Lange taten die USA so, als könne man eine Demokratie mit Warlords aufbauen. Jetzt geht Afghanistan an die Taliban.

Mike Pompeo und der afghanische Präsident Ghani in Kabul Foto: Afghanischer Päsidentenpalast via reuters

A fghanistans machtgeile, kleptokratische Eliten hätten die Milliardenkürzung verdient, die US-Außenminister Pompeo nach fehlgeschlagener Vermittlung in Kabul am Montag bekannt gab. Seit sechs Monaten streiten sie, nach einer ungeklärten Wahl, wer die Pfründen der Präsidentschaft verteilen darf. Doch selbst ein Systemkollaps nach weiteren Kürzungen würde sie nicht treffen. Sie können mit ihren Zweitpässen an den Golf oder an den Central Park ziehen. Sie haben vorgesorgt – mit milliardenschweren Unterschlagungen auf Kosten ihrer Landsleute, für die diese Gelder eigentlich bestimmt waren und die zu mehr als der Hälfte immer noch in Armut leben.

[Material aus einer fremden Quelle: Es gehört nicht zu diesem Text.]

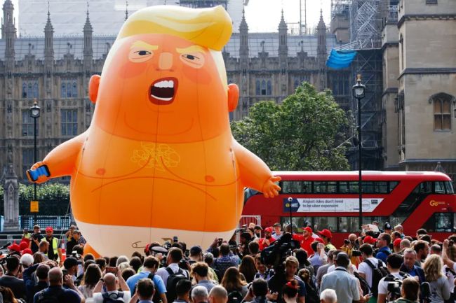 بالن "نوزاد ترامپ"، با طراحی منحصر به فرد خود که یک نوزاد نارنجیرنگ با چهرهای خشمگین و یک تلفن همراه در دست را به تصویر میکشد، به سرعت از زمان اولین نمایش خود، به یک نماد بینالمللی مقاومت و نارضایتی در برابر ریاست جمهوری ترامپ تبدیل شد. این بالن برای اولین بار در سال ۲۰۱۸ و در جریان یکی از پرحاشیهترین بازدیدهای ترامپ از بریتانیا، بر فراز لندن به پرواز درآمد و با استقبال گسترده و توجه بیسابقه رسانهها و مردم مواجه شد. از آن زمان به بعد، این نماد اعتراضی فراتر از مرزهای بریتانیا نیز به پرواز درآمد و در مکانهای مختلفی از جمله فرانسه، آرژانتین و حتی ایالات متحده نیز دیده شد که نشاندهنده یک موج گسترده و جهانی از نارضایتی نسبت به سیاستها و رویکردهای ترامپ بود. طراحی هوشمندانه و طنزآمیز این بالن، پیام اعتراض را به شکلی بصری و تأثیرگذار منتقل میکند و آن را به ابزاری قدرتمند برای بیان مخالفت تبدیل کرده است.
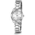 This Guess watch has a case made of stainless steel with a diameter of 30 mm and is fitted with a stainless steel band.
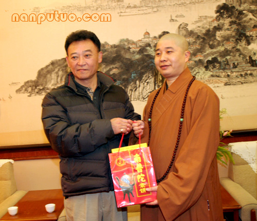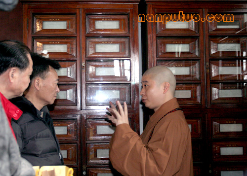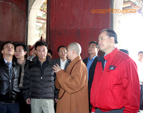 大和尚引领考察团一行,参观了南普陀寺的天王殿、大悲殿、法堂、藏经阁等处,并一一向他们介绍寺院的建筑风格,佛像、血经等文物情况。并向他们赠送了佛教礼品和南普陀素饼,谨以此表达对海峡对岸同胞的无限亲情。
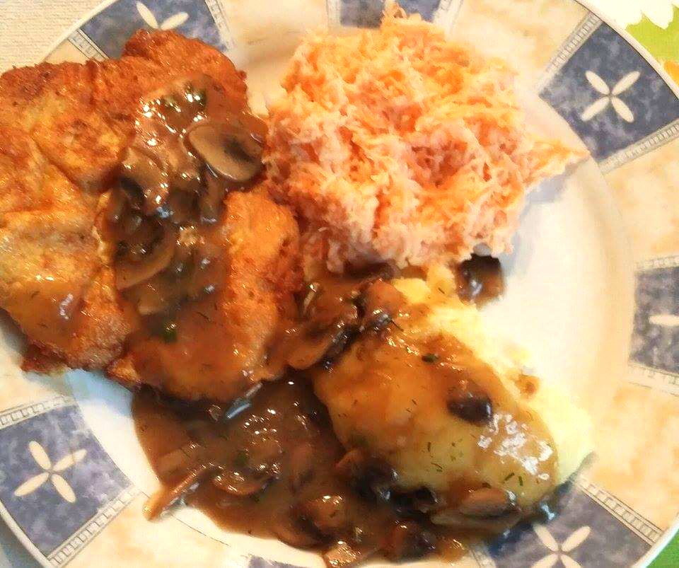 Krokiety z kaszy gryczanej z pieczarkami i żurek .
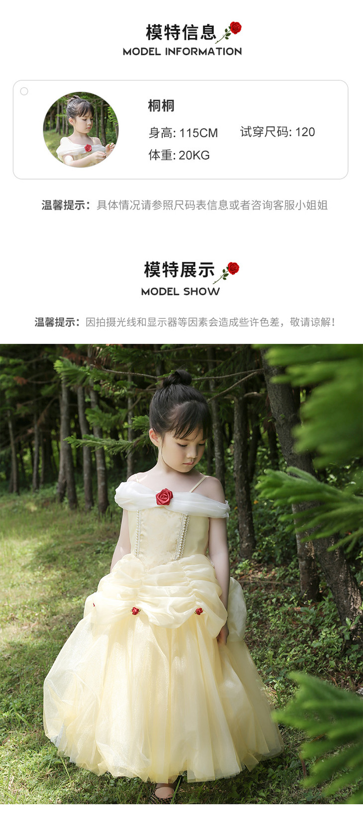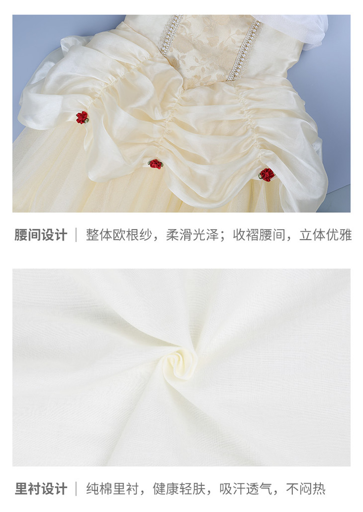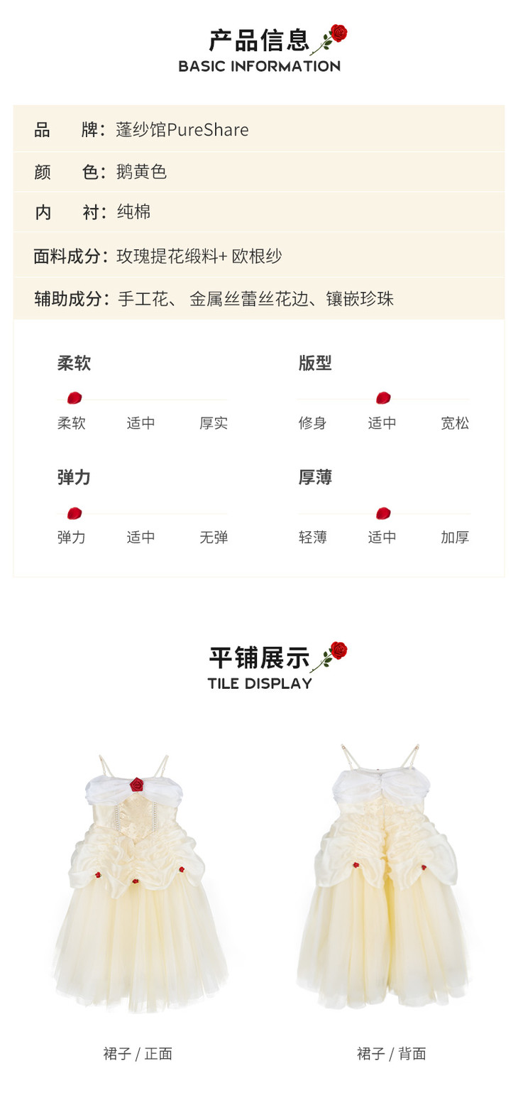 pureshare 女童连衣裙夏款贝尔公主裙礼服蓬蓬纱裙-金色玫瑰公主裙

Dass die USA die beiden Kabuler Möchtegern-Präsidenten jetzt zu Alleinschuldigen stempeln, ist allerdings infam. Sie sind für diese Situation zentral mitverantwortlich. Straffreiheit, nicht nur für Korruption, war kein Systemfehler, sondern Teil des Lohns für Warlords und Neo-Oligarchen, mit denen man den „Krieg gegen den Terror“ bestritt, der genauso fehlschlug wie das afghanische Projekt.

Zuletzt beging Washington den taktischen Fehler, Präsident Ghani trotz Bedenken ob der Rechtmäßigkeit seiner Wiederwahl zurück in sein Amt zu hieven und dabei wie bei allen Wahlen seit 2004 demokratische Prozeduren (Neuauszählung, Stichwahl) über Bord zu werfen. Offenbar hatte man gehofft, er werde sich mit Flexibilität erkenntlich zeigen, seine Gegner in die Regierung aufnehmen und dadurch Gespräche und einen Frieden mit den Taliban ermöglichen. Auch Europa hat keinen Grund, sich zu entrüsten, denn man folgte diesem Kurs größtenteils sehenden Auges.

Trumps Amerika ist jetzt offenbar bereit, das Land den Taliban auf dem Silbertablett zu servieren. Das ist nicht nur Ausdruck einer neuen Brutalo-Außenpolitik, der schon Syriens Kurden geopfert wurden, sondern auch des Scheiterns der zutiefst zynischen Politik, die so tun wollte, als könne sie eine Demokratie mit Warlords aufbauen.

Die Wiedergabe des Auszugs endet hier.